An interview with a library custodian
A blog at the New York Public Library is doing interviews with staff -- including Veronica, a custodian at the Jefferson Market Library, a branch on 42nd street in Manhattan. She's worked for the library for 25 years but hasn't always been at the Jefferson Market Library, where a portrait of author Willa Cather (pictured) hangs in the auditorium.
"Willa Cather willed me back here after being away at other branches," she tells her interviewer, continuing:
She decided she wasn't--
She wasn’t being cleaned enough?Exactly! She needed someone like me to hold her up 'til she became rehabbed. ... Jefferson Market is my first baby and I will never give her up and if she calls me back I will always come.
Patrons might think of the library as "ours," but they do clearly belong more to the people who lay hands on the building every time they go to work.
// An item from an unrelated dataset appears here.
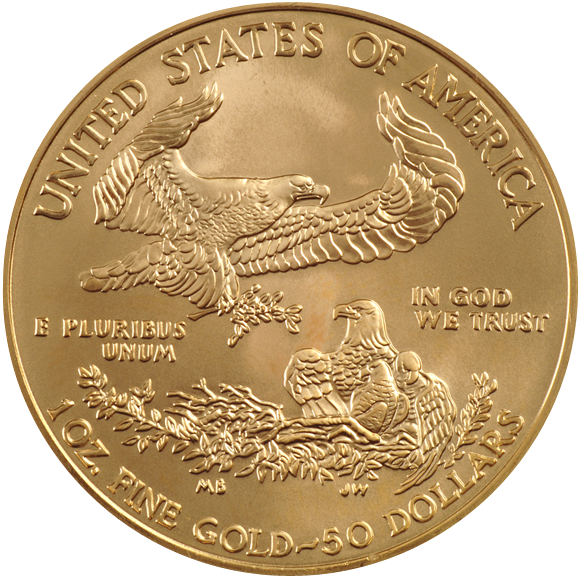 Die Gold American Eagle Münze zählt zu den bekanntersten Anlagemünzen und wurde von der U.S. Mint erstmals im Jahr 1986 ausgegeben. Die US-Mint ist die offizielle Prägeanstalt der Vereinigten Staaten von Amerika. Deshalb ist die American Eagle Goldmünze eine der offiziellen Bullion Coins der USA. Die Regierung der USA garantiert das ordnungsgemäße Gewicht, die Feinheit und den Goldgehalt der Münze. Die American Eagle der U.S. Mint weisen eine Feinheit von 916,67/1.000 Gold auf. Der Münzrand ist geriffelt. Die Kopfseite zeigt nach einem Entwurf von Augustus Saint-Gaudens die Freiheitsgöttin „Lady Liberty“ mit einer Fackel in ihrer rechten Hand. In der linken hält sie einen Olivenzweig. Dieses Design entspricht dem Double Eagle von 1907-1933 und ist seit dem Erstprägungsjahr 1986 unverändert. Die Strahlen im Hintergrund sollen den Sonnenaufgang darstellen. Links ist das Kapitol, das amerikanische Parlament, zu sehen. Der Schriftzug „Liberty“ ist oberhalb eingeprägt. Die Jahreszahlen der Gold Eagles der Prägejahre bis 1991 sind mit Römischen Zahlen angegeben. Ab 1992 wurde die Jahreszahl in arabischen Zahlen aufgeprägt. Auf der Rückseite ist nach einem Entwurf von Miley Busiek ein männlicher Weißkopfadler abgebildet, der ebenfalls einen Olivenzweig als Freiheitssymbol in der Kralle trägt. Er fliegt über ein Nest, in dem sich der weibliche Adler mit den Küken befinden. Des Weiteren ist der Schriftzug „United States Of America“ und „In God We Trust“ sowie „E Pluribus Unum“ (aus Vielen Eins) zu lesen. Darunter ist der Nennwert sowie die Feineinheit des Eagle angegeben. Bis auf die angegebenen Nennwerte und Feingewichte ist das Design der unterschiedlichen Gold Eagles identisch. Wie bei allen Anlagemünzen hat der Nennwert eher symbolischen Charakter, der tatsächliche Handelswert liegt weit über dem angegebenen. Das Aufgeld auf den reinen Goldwert ist allerdings nicht sehr hoch, da sich der Verkaufspreis knapp über dem tatsächlichen Börsengoldwert orientiert. Dennoch sind die Gold Eagles ein offizielles Zahlungsmittel in den USA. Die beliebten Kapitalanlagemünzen werden in verschiedenen Größen ab 1/10 Unze bis zu einer ganzen Unze (31,1 Gramm) geprägt. Die Münzen werden von der Prägeanstalt in Tuben ausgegeben. Sie erhalten die Münzen von uns einzeln in Münztaschen oder wenn Sie mehrere bestellen in einer Tube.

Not that Veronica isn't a patron too -- she particularly enjoys the audiobooks. What kind of audiobooks? Find out in the complete interview, here.
-- Carolyn Kellogg
Photo: author Willa Cather, whose portrait hangs in the Jefferson Market Library. Credit: Los Angeles Times









Willa Cather would have been among the first to have loved this idea for an interview. Writing about people who work with their hands has a clarifying effect on language.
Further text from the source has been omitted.